An attractive growth story
Daniel Miller (Carvana): Very few consumers, if any, enjoy the traditional car-buying process and the time that it drains from one's life. That's why the smartest people on Wall Street are taking a look at Carvana, an e-commerce platform for buying and trading vehicles. Carvana offers consumers a seamless way to research vehicles, receive financing, and buy a vehicle in as little as 10 minutes online. Consumers can even opt to have the vehicle delivered to their doorstep or pick it up at the nearest automated vending machine.
The best news for potential investors is that business has been thriving. Take its recent third quarter for instance: It grew retail units sold by 116%, compared to the prior year, revenue by 137% and gross profit by 181%. To be clear, this wasn't a one-hit wonder. The third quarter was Carvana's 19th consecutive quarter of triple-digit unit and revenue growth, and it's likely to notch its 20th consecutive quarter when it caps off 2018.

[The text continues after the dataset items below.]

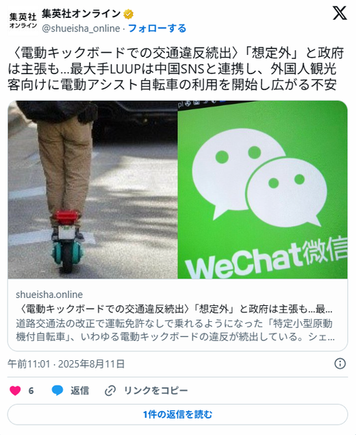 「想定外」と政府は主張も…最大手LUUPは中国SNSと連携し、外国人観光客向けに電動アシスト自転車の利用を開始し広がる不安
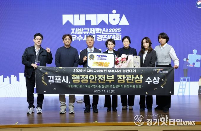[경기핫타임뉴스=김형철 기자] 김포시가 지난 25일 정부세종컨벤션센터에서 열린, 행정안전부가 주관한 ‘2025년 지방규제혁신 우수사례 경진대회’에서 장관상(장려)을 수상했다.
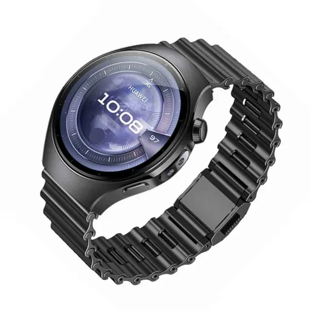 Vrhunsko nerjaveče jeklo: Ta pašček za uro, izdelan iz visokokakovostnega nerjavečega jekla, ponuja eleganten in prefinjen videz. Robusten material je odporen na praske in obrabo, kar zagotavlja, da vaš pašček sčasoma ohrani svoj prvotni videz. Konstrukcija iz nerjavečega jekla zagotavlja udoben občutek na zapestju, zaradi česar je idealen za celodnevno nošenje. Ta pašček, združljiv s pametnimi urami Huawei Watch 5, GT6, GT5, Pro, 4 in Samsung, je popolna mešanica elegance in odpornosti.
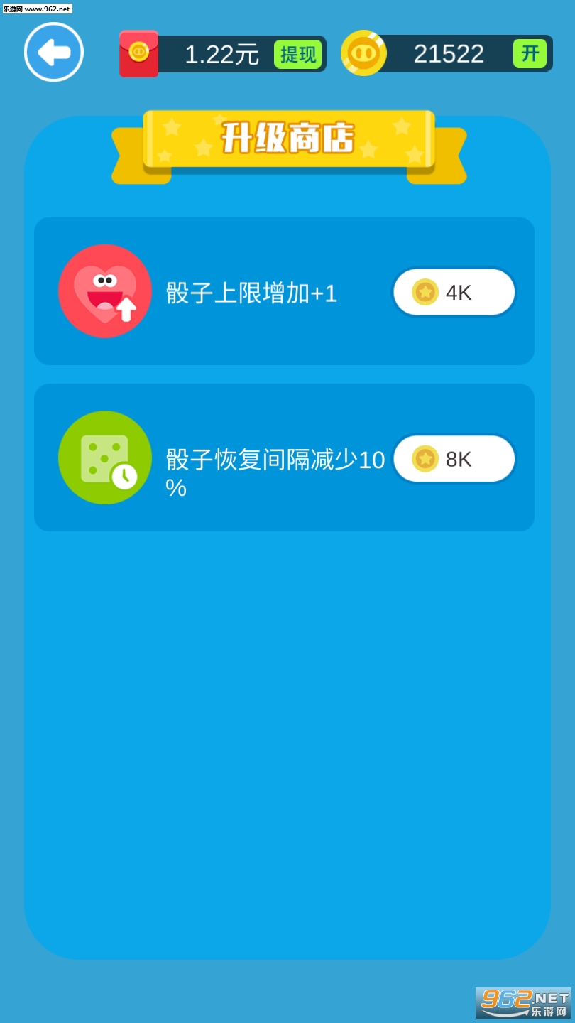 1、使用你在游戏中获得的金币,你可以对你的小猪技能进行升级,让他投色子的上限次数增加。
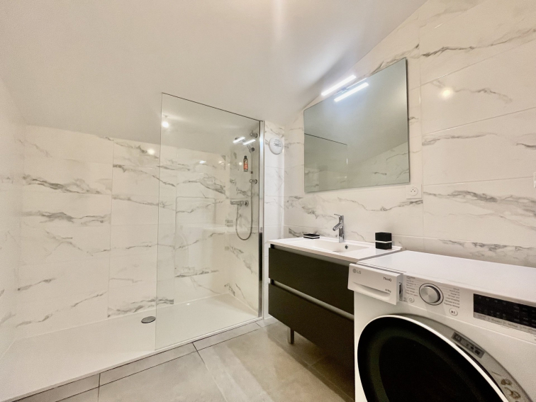 - Cuisine ouverte sur séjour : réfrigérateur, four, plaque électrique, lave-vaisselle, micro-ondes et hotte.
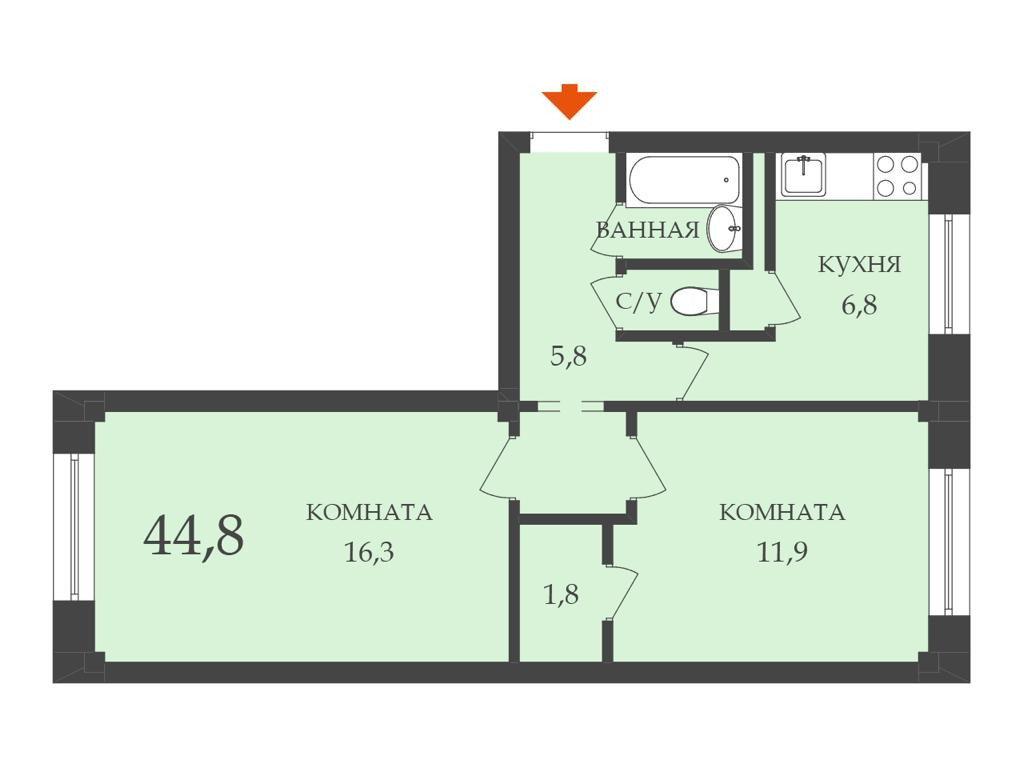 Общая площадь 45 м2
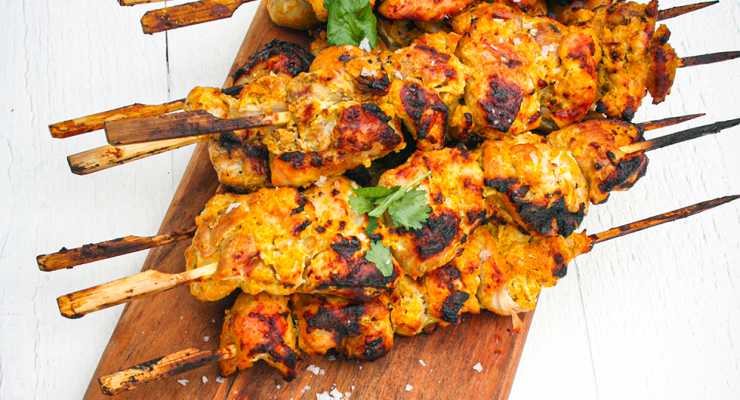 Trä upp på spett och grilla spetten runt om tills de är genomstekta (cirka 10– 15 minuter beroende på hur stora bitar du delat kycklingen i). Kycklingen kan fastna lite på gallret men släpper av sig själv när du vänder dem.
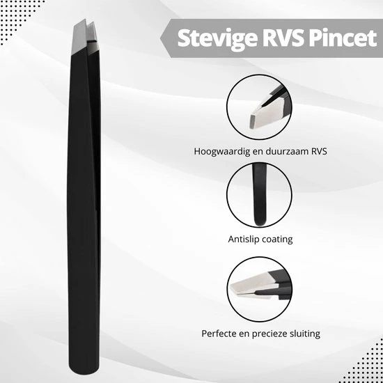 De wenkbrauwpincet is van hoge kwaliteit. Roestvrij staal, afgeronde randen en de matzwarte coating maken de pincet tot het perfecte schoonheidsproduct.
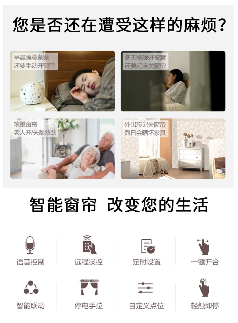 無線窗簾WIFI語音控制神器涂鴉智能電動窗簾伴侶羅馬桿窗簾助力器
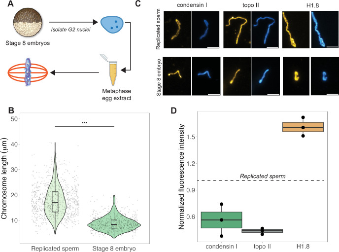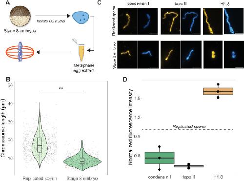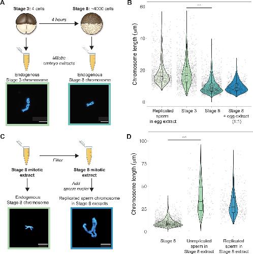 Figure 2. Mitotic chromosomes scale length-wise.(A) Mitotic extracts were prepared from stage 3 or stage 8 embryos, and single endogenous mitotic chromosomes were centrifuged onto coverslips and stained with Hoechst DNA dye. Representative images of stage 3 and stage 8 chromosomes are shown. (B) Length distributions of sperm mitotic chromosomes replicated in egg extract, mitotic chromosomes isolated from embryo extracts and stage 8 embryo extract chromosomes after mixing 1:1 with egg extract. (C) Stage 8 extracts were filtered to remove endogenous chromosomes, then unreplicated or replicated sperm nuclei were added to form mitotic chromosomes. Representative images of an endogenous stage 8 chromosome or replicated sperm chromosome formed in stage 8 extracts. (D) Quantification of chromosome lengths for the experiment shown in (C), for both replicated and unreplicated sperm conditions. n = 3 biological replicates, >50 chromosomes per replicate. Scale bar = 10 μm. ***p<0.001 by the Mann–Whitney U test. Source data are available as Figure 2—source data 1. Figure 2—source data 1. This file contains all of the source data for Figure 2 and the related supplemental figure. |

Carvana is stepping on the gas pedal by launching into 13 new markets during the third quarter. For context, at the end of 2016, it only had 21 total markets. At the end of 2018, it will end up in approximately 84 markets and will continue to expand its footprint across the United States -- as it currently serves just 55.8% of the population -- so there's room for growth and scale.
However, Carvana is still losing money, and its bottom-line loss widened during the third quarter, simply because expansion is expensive. But if you dig into the details, you'll find that management has done an excellent job of increasing inventory while reducing inventory turn time, improving its gross profit per unit, and decreasing its customer acquisition cost. Essentially, it's becoming a fine-tuned machine that is entering more markets more efficiently, and its top-line growth has proven impressive. That's why Carvana is worth a look and why some of the smartest people on Wall Street have taken notice as its stock soared over 282% since its April 2017 IPO.

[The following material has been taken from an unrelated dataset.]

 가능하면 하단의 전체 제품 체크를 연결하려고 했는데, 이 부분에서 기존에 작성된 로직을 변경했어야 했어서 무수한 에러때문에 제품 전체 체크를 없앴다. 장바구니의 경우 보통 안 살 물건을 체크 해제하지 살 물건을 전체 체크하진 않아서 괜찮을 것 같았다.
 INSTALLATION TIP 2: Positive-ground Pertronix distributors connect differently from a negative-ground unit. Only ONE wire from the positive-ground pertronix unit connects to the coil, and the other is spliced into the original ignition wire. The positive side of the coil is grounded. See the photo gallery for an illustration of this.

Second thoughts on sports apparel
Nicholas Rossolillo (Under Armour): The sports apparel company has been upgraded by multiple Wall Street analysts this year on optimism that sales growth will pick up pace and that profitability will return. As a result, Under Armour shares have rebounded nearly 50% in 2018 after getting pummeled over the past two years. I'm going to strike a more cautious tone on this stock, though.
It's true that Under Armour's flagging sales in North America might have turned a corner, propped up by inventory reduction and new product launches in the apparel industry over the course of the last year. That has helped sports outfitter rival Nike's sales rebound in 2018, and many see Under Armour following suit. Plus, international expansion is still on the rise; Under Armour expects revenue outside of the U.S. to finish the year up 25% compared with 2017, helping the company achieve 3% to 4% overall sales growth.

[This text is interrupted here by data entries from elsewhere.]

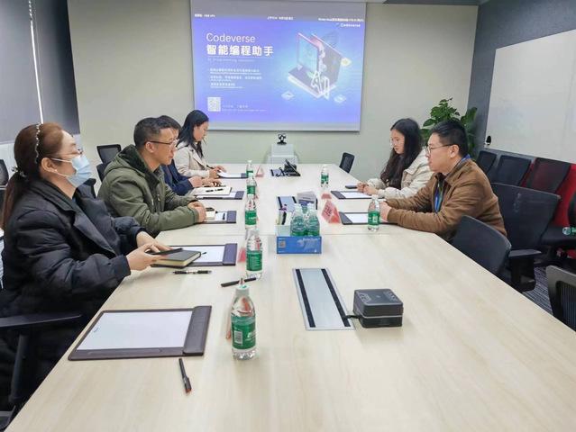 陈建华经理随后介绍了公司团队建设、人才培养、科学研究的基本情况,双方围绕财经智能传播人才培养、实践教学、产教融合等多方面进行了深入交流,达成初步合作意向。
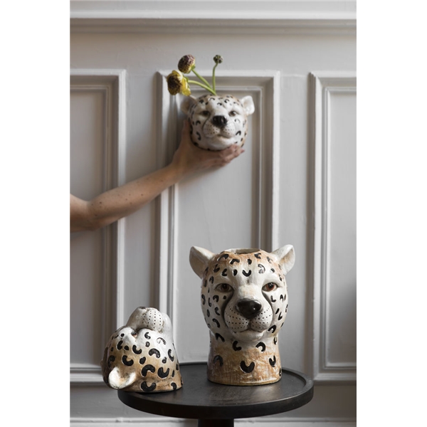Cheetah Vase von ByOn. Die Geparden-Vase ist majestätisch und nimmt mit ihrer starken Aura und Verspieltheit Raum im Zuhause ein. Schön, um Blumen darin zu haben, aber ebenso schön ohne als Statement-Stück. Die Cheetah-Vase und der schöne Gepard machen den Alltag ein wenig farbenfroher.
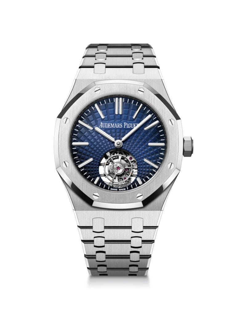 La Manufacture suisse de Haute Horlogerie Audemars Piguet est fière de présenter sa toute première Royal Oak Tourbillon Volant Automatique. Pour célébrer cette occasion, la Manufacture lance trois références en 41 mm respectivement en acier inoxydable, en titane et en or rose 18 carats, toutes dotées d’un cadran raffiné.

A lot is riding on those expectations, however, and I have serious doubts about the company being able to deliver. According to the U.S. Census Bureau, overall retail sales for the U.S apparel industry are up 5% through October. Under Armour's are down 0.3% in North America, including a 1.6% decline during the third quarter. If the company can't make hay while the sun is shining, when will it? With the American economy now showing signs of slowing down, I'm not sure Under Armour's expected sales about-face is going to happen.
Let's say it does happen, though. Much of that expectation is already priced in. One-year forward price to earnings currently sits at a whopping 61.2. Paying for many decades' worth of profits for a company that is stuck in neutral may not be the best idea. Though some Wall Street pros are feeling confident, tread lightly with this sports apparel stock -- at least for the time being.